**SOURCE RECORDS**
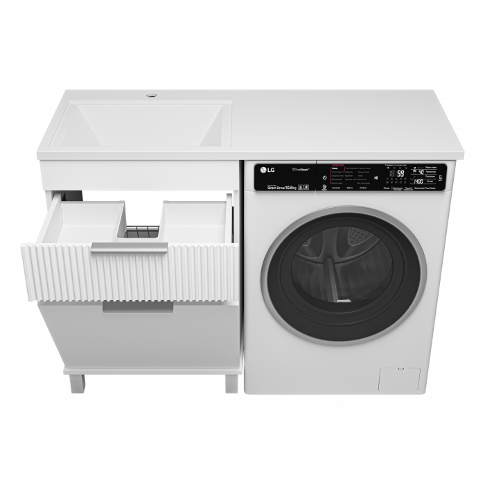 Тумба под раковину Brevita Enfida 60 с бельевой корзиной под стиральную машину (белая) ENF-07060-011Я
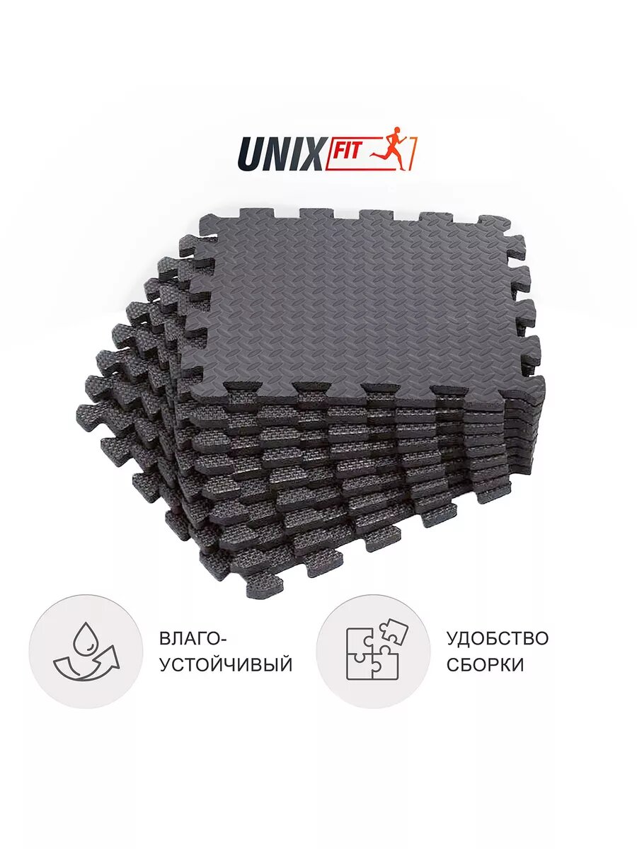 Купить Коврик-пазл UNIX Fit влагостойкий, большие мягкие модули спортивные, детский коврик, 30 х 30 х 1 см, серый, 24 шт. UNIXFIT
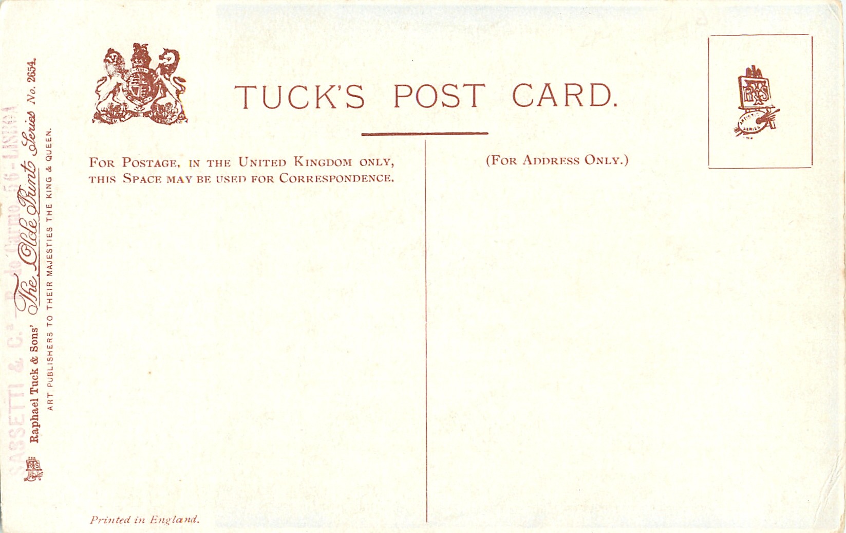 PRINTED IN ENGLAND, listed in 1908/1909 & 1911/1912 Postcard 1912 Catalogue
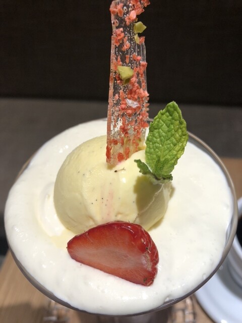 何にしようかな…メニューをみていると、これまで全く内容をみていなかったベリーのパフェ。苺とほぼ生クリームかと思ったら、白いのはティラミスクリーム!ブランマンジェも!
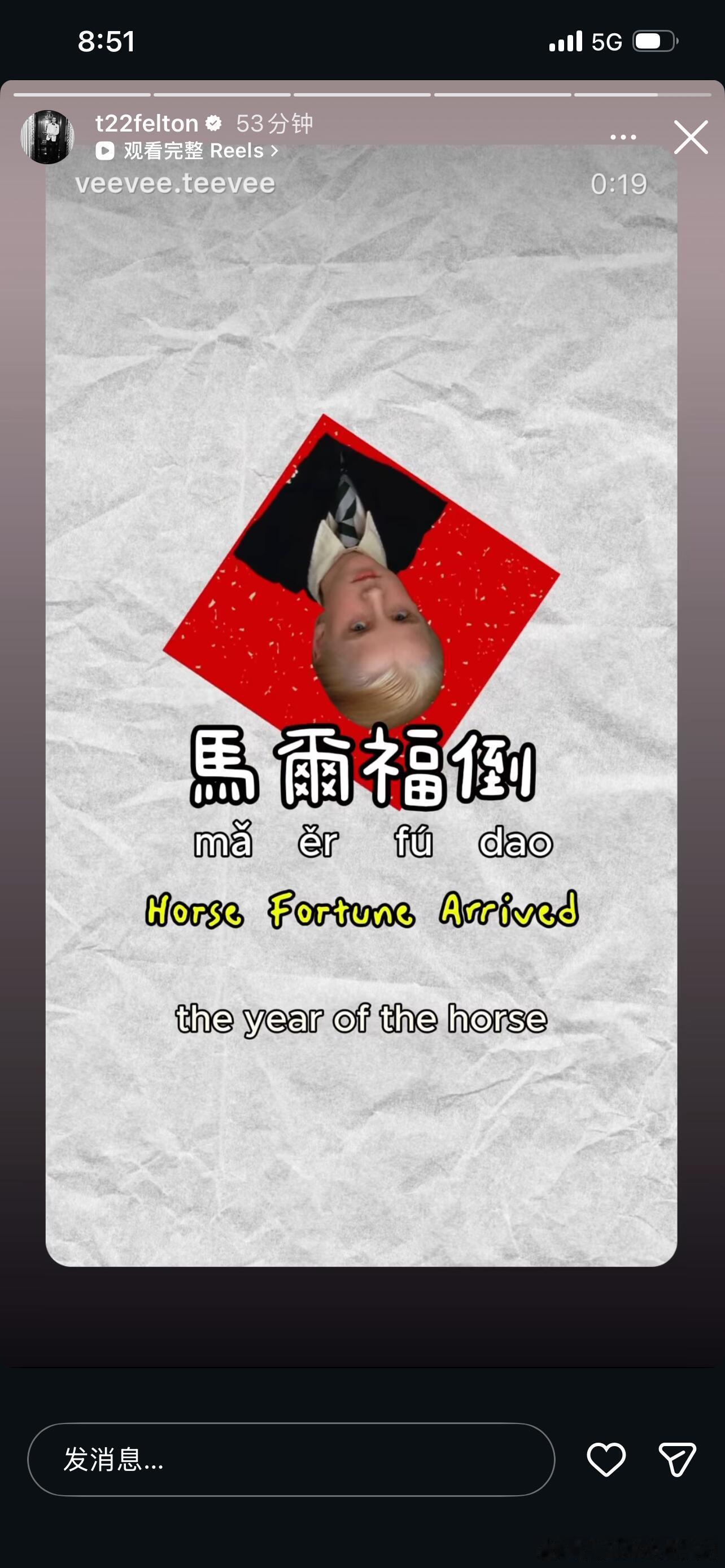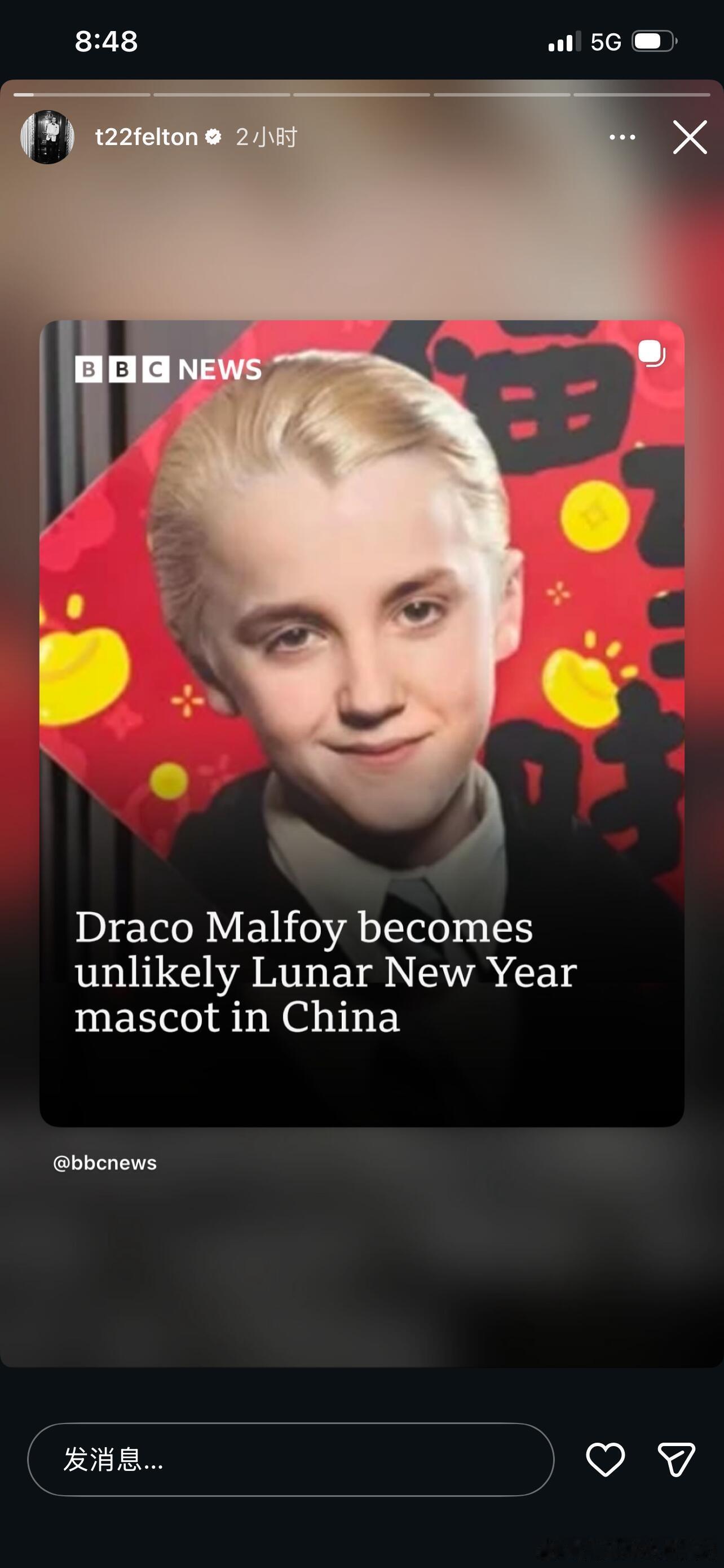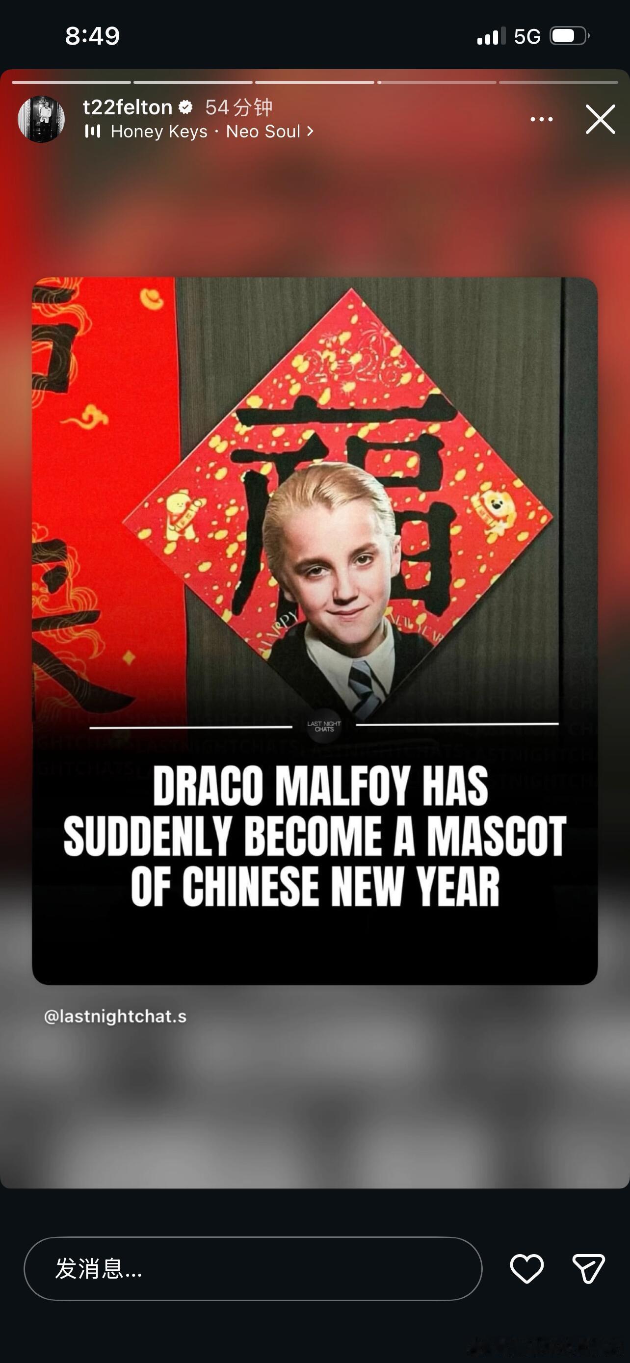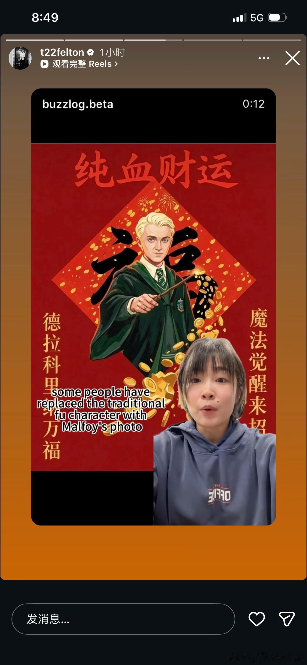在《哈利波特》里饰演马尔福的演员Felton发了不知道多少条动态以表示震撼今年春晚都应该请他
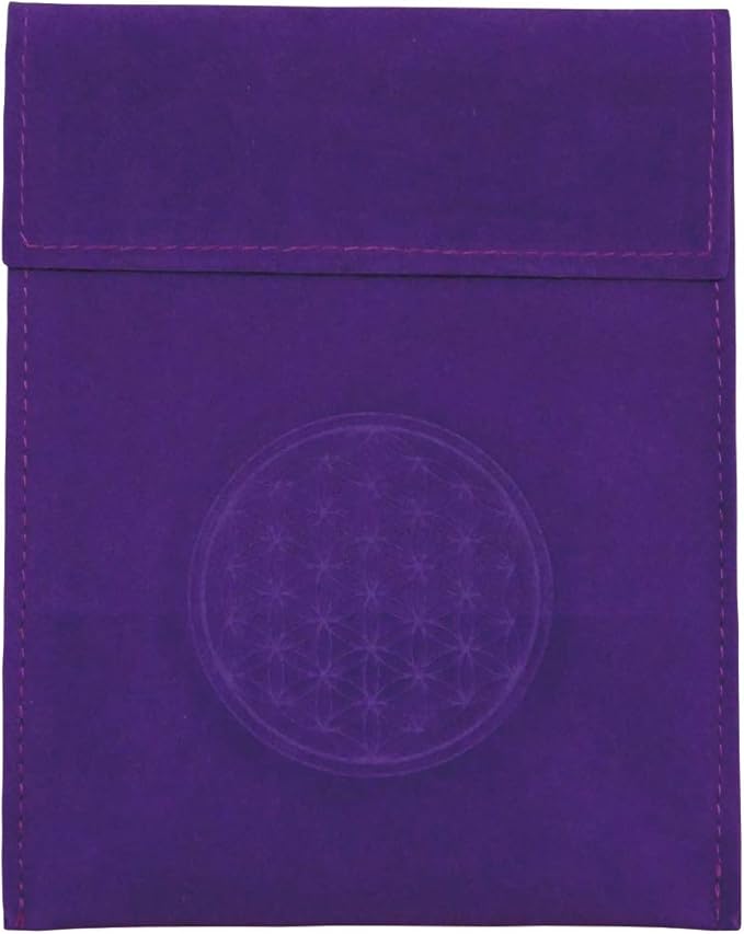常にフラワーオブライフ(Flower of Life)を持っていたい,感じていたいと言う思いから誕生しました。こだわりのハンドメイドです。現代社会で使いやすいサイズとデザインを目指しました。さり気なく持ち歩くのにも使いやすいサイズになっていると思います。高級感をだす為に素材にもこだわり、スエード調の生地を採用しました。シンプルで高級感のあるデザインがポイントです。フラワーオブライフを常に持っていたい、でもあまり主張するのは嫌だ、と言う方にもおすすめです。材質:スエード調生地 サイズ:縦約15cm(蓋を閉じたサイズ)横約12cm 注意(ご了承ください):※サイズに個体差があります。※現物の写真を撮っています。※写真に写っている商品以外の什器及び備品等は、一切含まれません。※ハンドメイドの為、フラワーオブライフ部分に個体差がある場合がありあます。フラワーオブライフの刻印の濃さなど。※本商品は、パープル色です。

**EXERCISE DESCRIPTION**
The line containing "在《哈利波特》里饰演马尔福的" marks the end: retype every line from the first one in the listing up to and including it, without pictures.

**SOLUTION FOR THIS TASK**
 Тумба под раковину Brevita Enfida 60 с бельевой корзиной под стиральную машину (белая) ENF-07060-011Я
 Купить Коврик-пазл UNIX Fit влагостойкий, большие мягкие модули спортивные, детский коврик, 30 х 30 х 1 см, серый, 24 шт. UNIXFIT
 PRINTED IN ENGLAND, listed in 1908/1909 & 1911/1912 Postcard 1912 Catalogue
 何にしようかな…メニューをみていると、これまで全く内容をみていなかったベリーのパフェ。苺とほぼ生クリームかと思ったら、白いのはティラミスクリーム!ブランマンジェも!
在《哈利波特》里饰演马尔福的演员Felton发了不知道多少条动态以表示震撼今年春晚都应该请他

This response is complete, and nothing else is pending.